Authors: Joel Boyd, Ben Woodcroft, Alex Baker
Version: 0.6.3
> enrichm annotate
# enrichm annotate
/root/miniconda3/lib/python3.9/site-packages/fuzzywuzzy/fuzz.py:11: UserWarning: Using slow pure-python SequenceMatcher. Install python-Levenshtein to remove this warning
warnings.warn('Using slow pure-python SequenceMatcher. Install python-Levenshtein to remove this warning')
usage: enrichm annotate [-h] [--log LOG] [--verbosity VERBOSITY] [--output OUTPUT] [--force] [--genome_files GENOME_FILES [GENOME_FILES ...]] [--genome_directory GENOME_DIRECTORY] [--protein_files PROTEIN_FILES [PROTEIN_FILES ...]] [--protein_directory PROTEIN_DIRECTORY] [--ko]
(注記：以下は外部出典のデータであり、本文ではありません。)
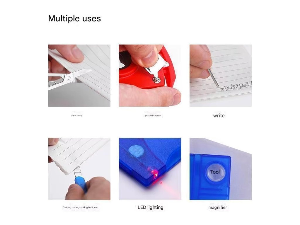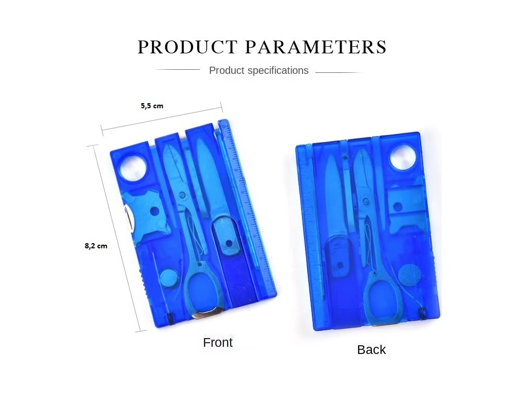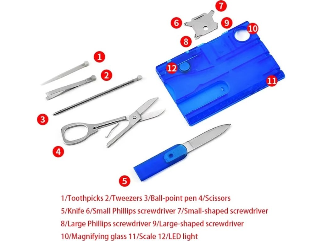Multifunkčná karta na prežitie modrá 12v1 Eurobatt® MultiTool Card. Vynikajúci pomocník pre každú príležitosť. Vzhľadom k malej veľkosti a nízkej hmotnosti vhodný pre každodenné nosenie, napríklad v peňaženke alebo ako prívesok na kľúče. Napriek tomu, že je karta s nástrojmi vytvorená v rozmeroch kreditnej karty, spája v sebe niekoľko užitočných funkcií. Perfektný na turistiku a cestovanie. Inšpirovaná osvedčenou kartou švajčiarskeho výrobcu VICTORINOX Swiss Card. Certifikovaný produkt poľskej značky Eurobatt®.
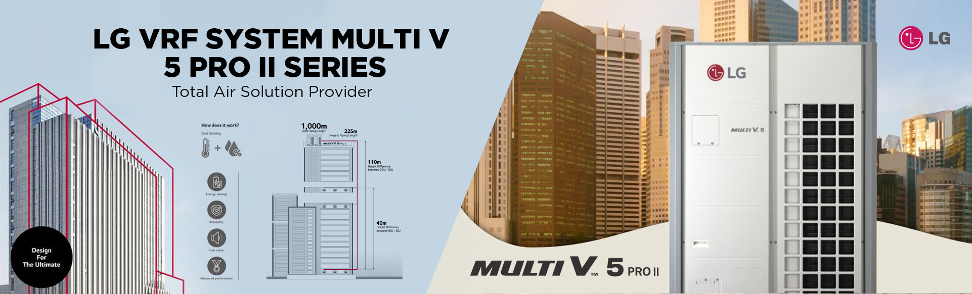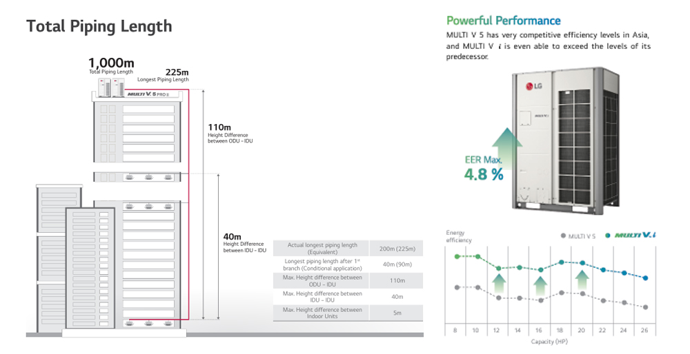 MULTI V i menawarkan kapasitas besar dengan dukungan hingga 26 HP dalam satu unit outdoor dan kombinasi sistem mencapai 76 HP. Fleksibilitas instalasi didukung panjang pipa hingga 1.000 meter, perbedaan ketinggian indoor–outdoor hingga 110 meter, serta jarak antar indoor hingga 40 meter. Sistem ini dapat menghubungkan hingga 64 unit indoor dalam satu jaringan, menjadikannya solusi ideal untuk gedung perkantoran, pusat perbelanjaan, rumah sakit, maupun apartemen bertingkat.
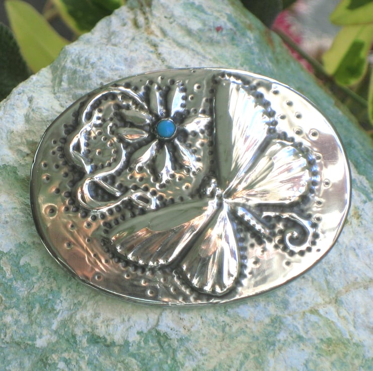 This pretty arts and Crafts style brooch has a design featuring a silvery butterfly and daisy, enhanced with a touch of turquoise.
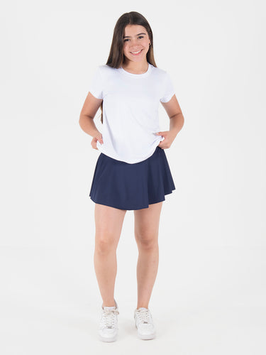 Faldashort: Diseño con falda simétrica y fajón medio que ofrece un ajuste favorecedor y moderno.
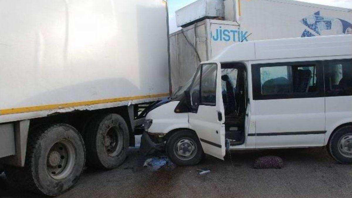Tokat’ta inşaat işçilerini taşıyan servis minibüsün TIR ile çarpışması sonucu meydana gelen kazada 8 kişi yaralandı.Kaza, Tokat-Turhal Karayolu eski Tokat Sigara Fabrikası önünde meydana geldi. Edinilen bilgiye göre, U dönüşü yapmak isteyen Adnan Yılmaz (53) idaresindeki 01 CCA 80 plakalı TIR’a, Selim Yılmaz’ın (35) kullandığı 60 BB 469 plakalı servis minibüsü yandan çarptı. Çarpmanın şiddetiyle inşaat işçilerinin bulunduğu minibüsün ön tarafında sıkışan bir işçi, Tokat Belediyesi İtfaiyesi Kurtarma ekipleri tarafından çıkarıldı. Yaralılar olay yerine sevk edilen çok sayıda ambulansla Tokat Devlet Hastanesi ile Gaziosmanpaşa Üniversitesi Tıp Fakültesi Hastanesi’ne kaldırıldı.Yaralı sayısının fazla olması nedeni ile ambulansta yer kalmayınca bir yaralı olay yerinde kısa bir süre başka bir ambulansın gelmesini bekledi. Serum ve boyunluk takılan hafif yaralı şahıs ambulansla hastaneye sevk edildi. İşçilerin sağlık durumunun iyi olduğu bildirildi.Kazayla ilgili soruşturma başlatıldı.
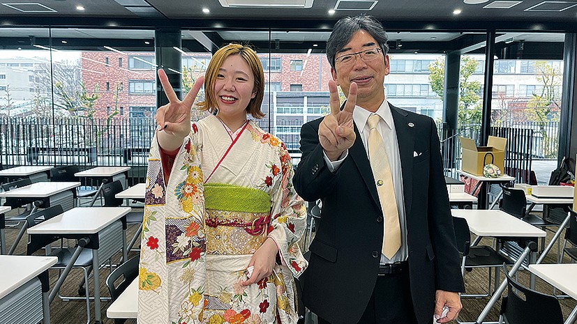 もともと英語が好きで、英語はもちろん、いろんな語学について深く学びたいと、松山大学に進学した泉本さん。言語学を専攻し、TOEICの勉強に注力するかたわら、コーヒースタンドでのアルバイトにも励む日々を過ごした。将来はキャビンアテンダント(CA)を目指し、在学中にエアラインスクールにも通って熱心に学んでいたが、3年次に上がるタイミングで新型コロナウイルス感染症が拡大。20歳となり、学びも遊びもいっそう充実した学生生活を送るはずだったが、オンライン授業となって構内に入れず、楽しみにしていたゼミ旅行も中止になってしまう。「突然訪れた想像もつかなかった災厄でしたが、そんな逆境にあっても、仲間たちと『なんとか踏ん張ろう!』と励まし合って頑張りました。学部は関係なく、学生の距離が近い松大ならではの雰囲気もプラスに働いたと思います」。
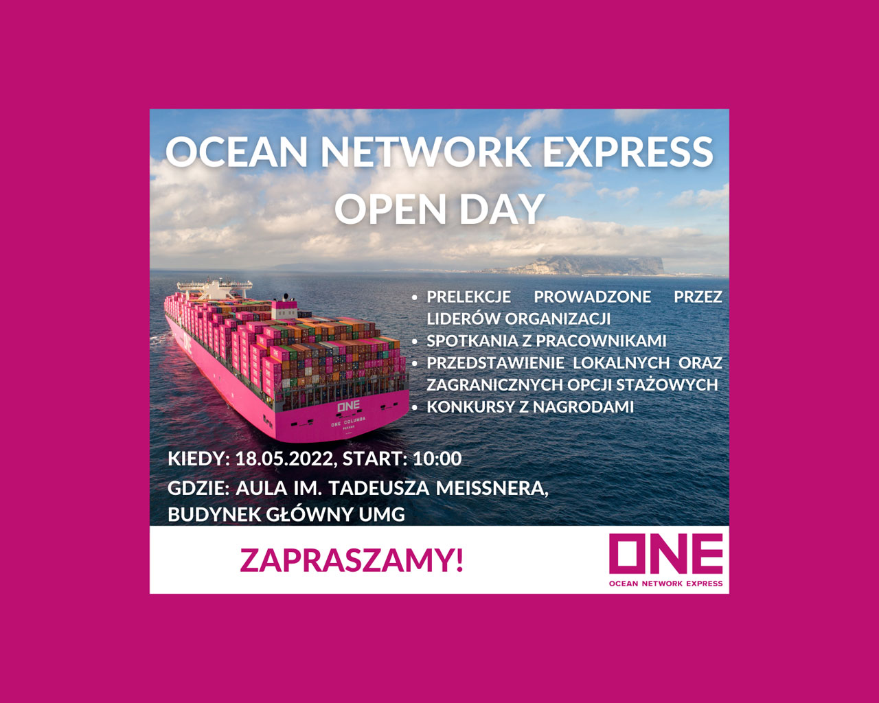 Firma Ocean Network Express, światowy lider branży transportu morskiego zaprasza na Open Day, który odbędzie się 18.05.2022 o 10:00 na auli im. T. Meissnera w budynku głównym UMG.
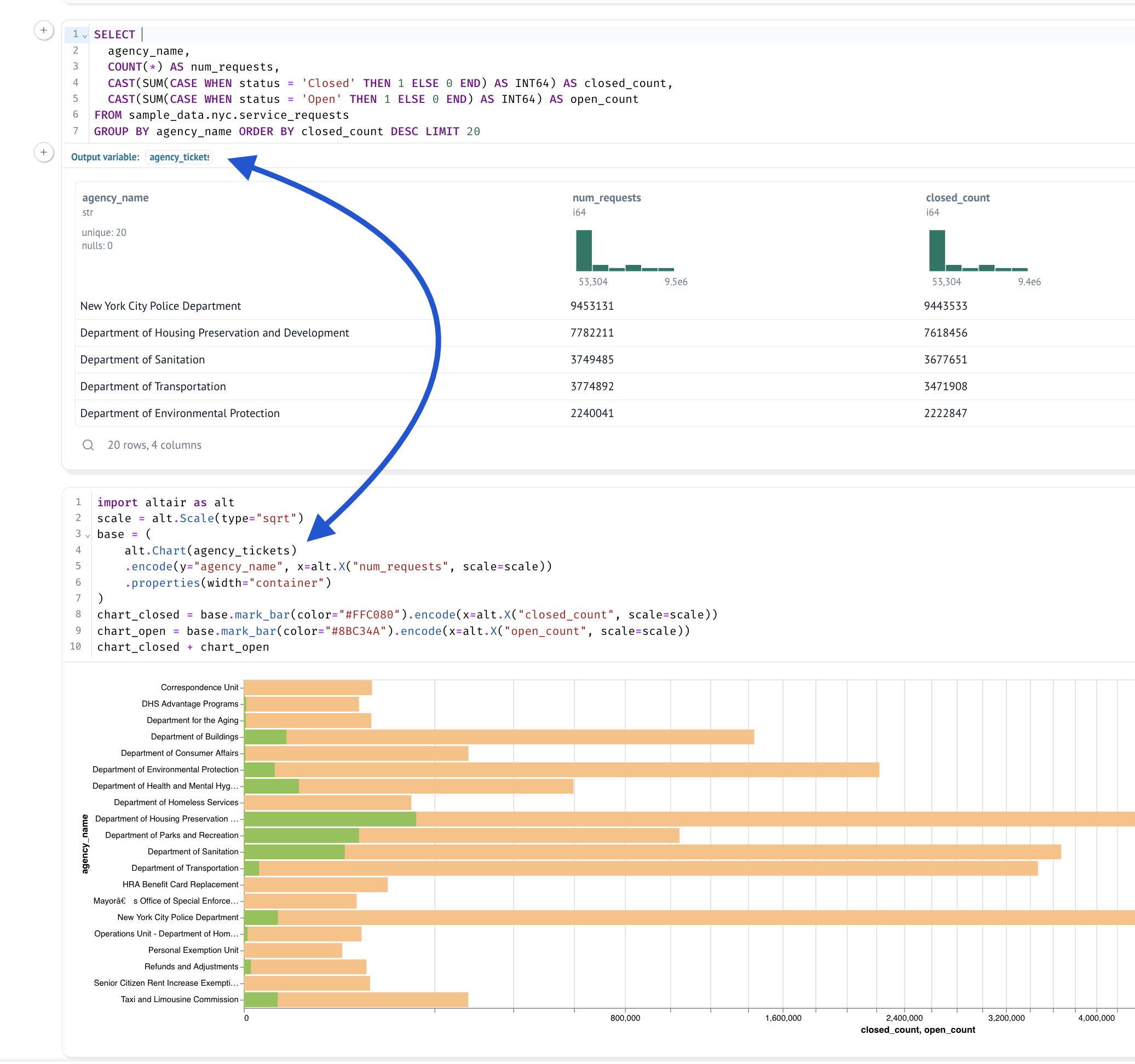 This example demonstrates how you can use SQL to query your data, then use Python and marimo to further analyze and visualize the results.
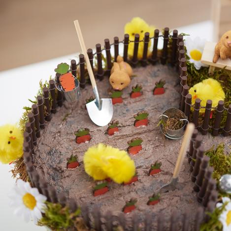 Riempire l'interno delle uova con la schiuma floreale, tagliata a misura con un coltello da taglio per creare una superficie piatta. Utilizzate una spatola di plastica per spargere la neve decorativa per il futuro orto. Usate la spatola per formare delle file in cui verranno poi posizionati i pezzi di carota sparsi. Lasciare asciugare e poi dipingere con la vernice artigianale VBSgrigio-marrone e nera. Incollare i pezzi di carota sparsi nell'aiuola e incollare intorno ad essi la staccionata in legno tondo VBS. Rifilare l'estremità della staccionata con un taglierino. Fissare il muschio con la colla a caldo e attaccare gli attrezzi da giardino, le figure e i fiori di margherita con la colla a caldo.
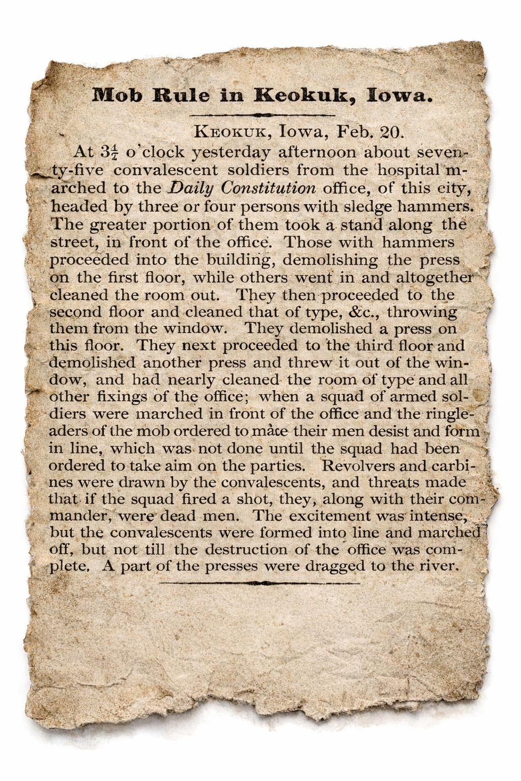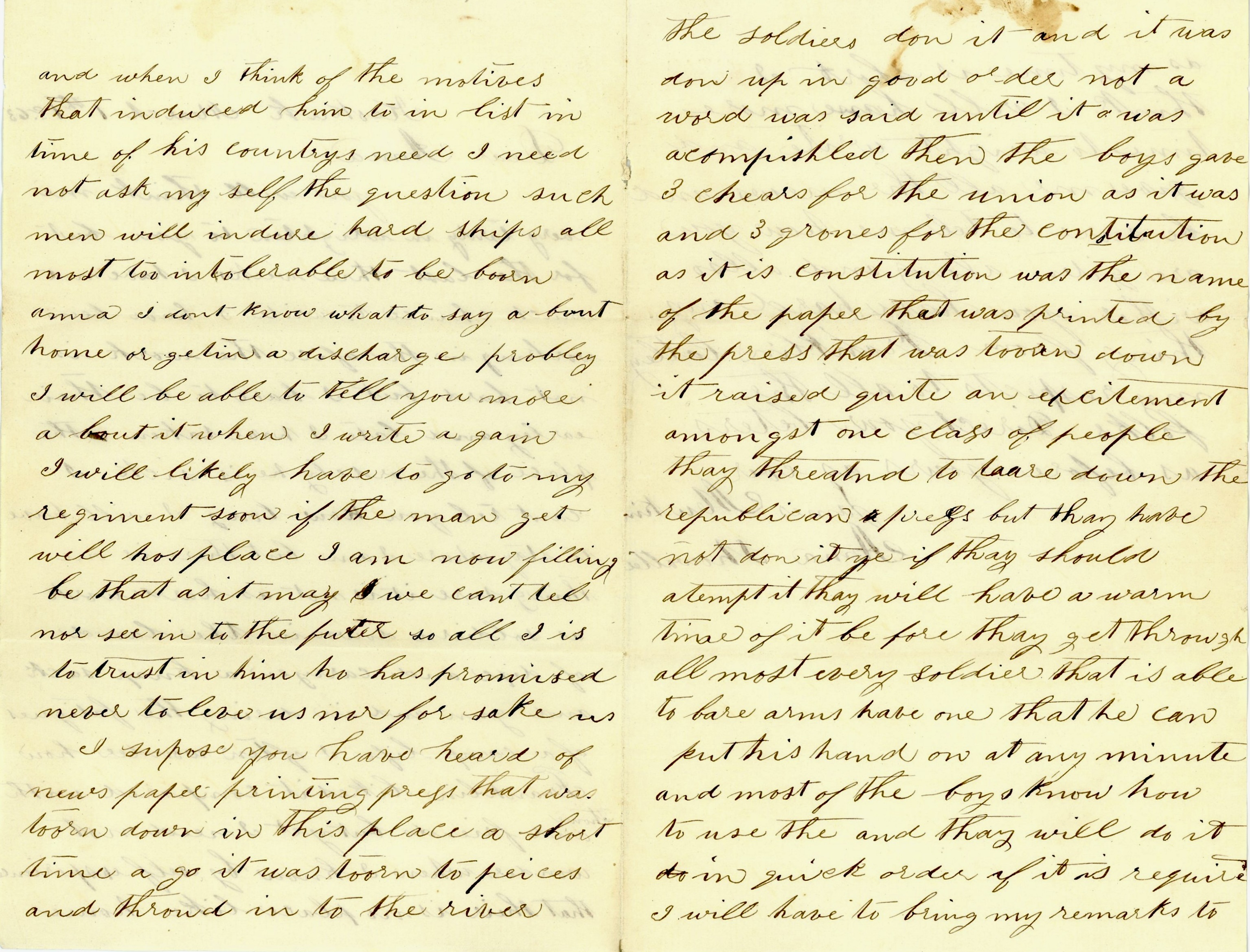 I suppose you have heard of the newspaper printing press that was torn down in this place a short time ago. It was torn to pieces and throwed in the river. The soldiers done it and it was done up in good order. Not a word was said until it was accomplished. Then the boys gave three cheers for the Union as it was and three groans for the Constitution as it is. The [Daily] Constitution was the name of the paper that was printed by the press that was torn down. It raised quite an excitement amongst one class of people. They threatened to tear down the Republican Press but they have not done it yet. If they should attept it, they will have a warm time of it before they get through. Almost every soldier that is able to bear arms have one that he can put his hand on at any minute and most of the boys know how to use them and they will do it in quick order if it is required.
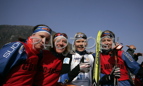 Tarvisio ,Italy - 18.03.2007 : Girls of Finnish relay, Satu Annila, Kerttu Niskanen, Anne Kyllonen and Mari Laukkanen celebrating their bronze medal won in Women 4x3.3km relay race of Junior Nordic skiing World Championships in Tarvisio, Italy. Women 4x3.3km relay race of Junior Nordic skiing World Championships in Tarvisio, Italy was held on 18th of March 2007 in Fusine, Italy. Due warm weather and lack of snow, cross country skiing races of Junior Nordic skiing World Championships 2007 were moved from Tarvisio, Italy to Fusine, Italy. Photo by: Primoz Jeroncic/PhotoSI
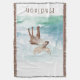 A ilustração de feriado de aquarela apresenta um alce bonito com fundo de cena de inverno. Personalizar com texto personalizável em caracteres castanhos modernos
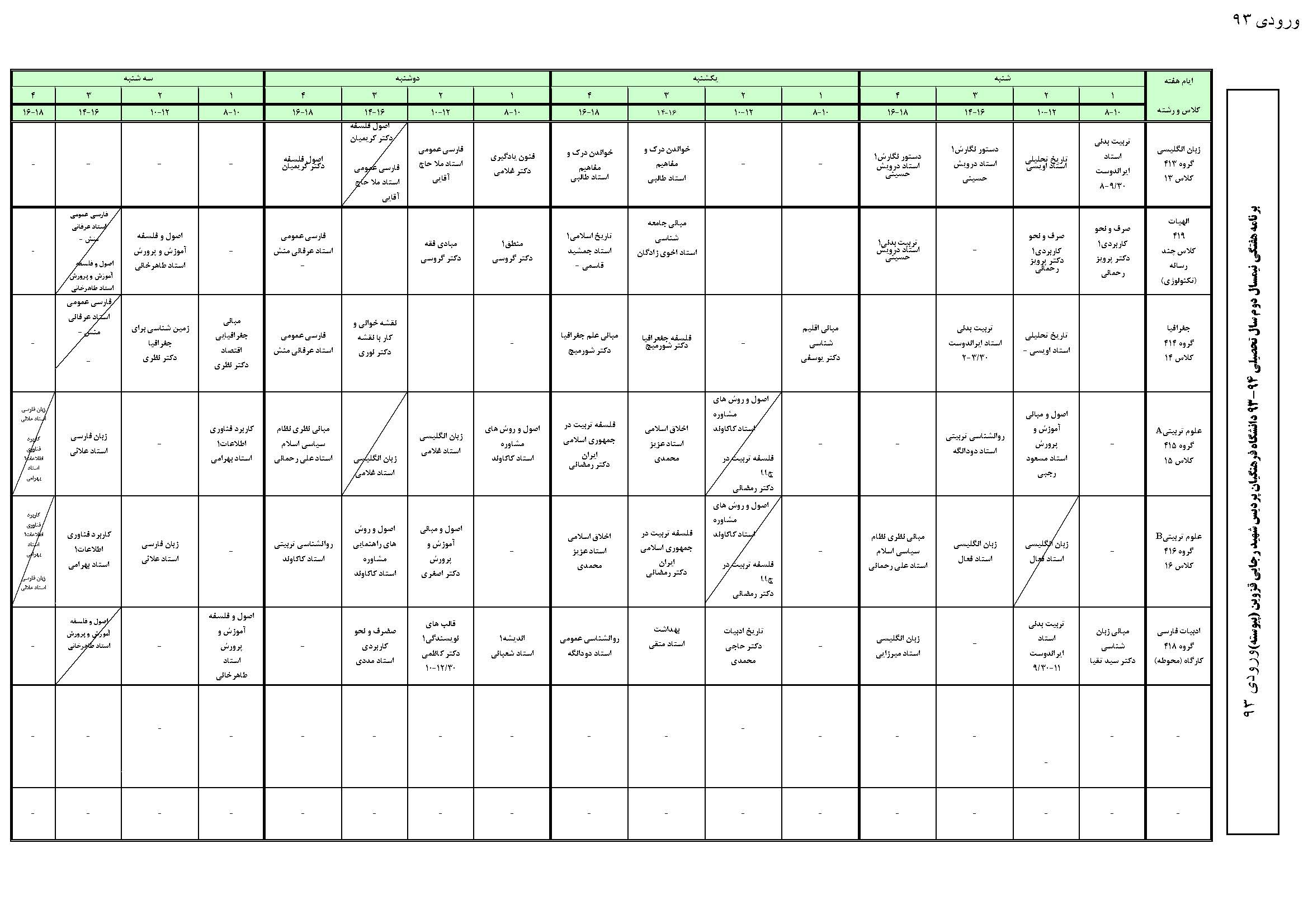 برنامه هفتگی نیمسال دوم سال تحصیلی 4-93 پردیس شهید رجایی قزوین دانشجویان پیوسته ورودی 93
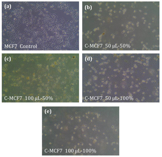 Effect of plant extract on MCF7 cancer cell lines. (a) The control samples (DMSO); (b) 50 μL of 50% extract; (c) 100 μL of 50% extract; (d) 50 μL of 100% extract; (e) 100 μL of 100% extract. The figures are at magnification 400×.
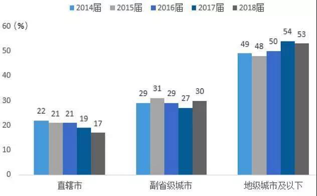 圖6 2014~2018屆本科畢業(yè)生就業(yè)城市類(lèi)型分布變化

[--ko_hmm] [--pfam] [--tigrfam] [--clusters] [--orthologs] [--orthogroup] [--cazy] [--ec] [--cut_ga_pfam] [--cut_nc_pfam] [--cut_tc_pfam] [--cut_ga_tigrfam] [--cut_nc_tigrfam] [--cut_tc_tigrfam] [--cut_ko] [--evalue EVALUE] [--bit BIT] [--id ID]
[--aln_query ALN_QUERY] [--aln_reference ALN_REFERENCE] [--c C] [--threads THREADS] [--parallel PARALLEL] [--inflation INFLATION] [--suffix SUFFIX] [--light] [--count_domains] [--chunk_number CHUNK_NUMBER] [--chunk_max CHUNK_MAX]
optional arguments:
-h, --help show this help message and exit
Logging options:
--log LOG Output logging information to this file.
--verbosity VERBOSITY
Level of verbosity (1 - 5 - default = 4) 5 = Very verbose, 1 = Silent
Output options:
--output OUTPUT Output directory
--force Overwrite previous run
Input options (Use one):
--genome_files GENOME_FILES [GENOME_FILES ...]
Space separated list of genomes to annotate
--genome_directory GENOME_DIRECTORY
Directory containing genomes to annotate
--protein_files PROTEIN_FILES [PROTEIN_FILES ...]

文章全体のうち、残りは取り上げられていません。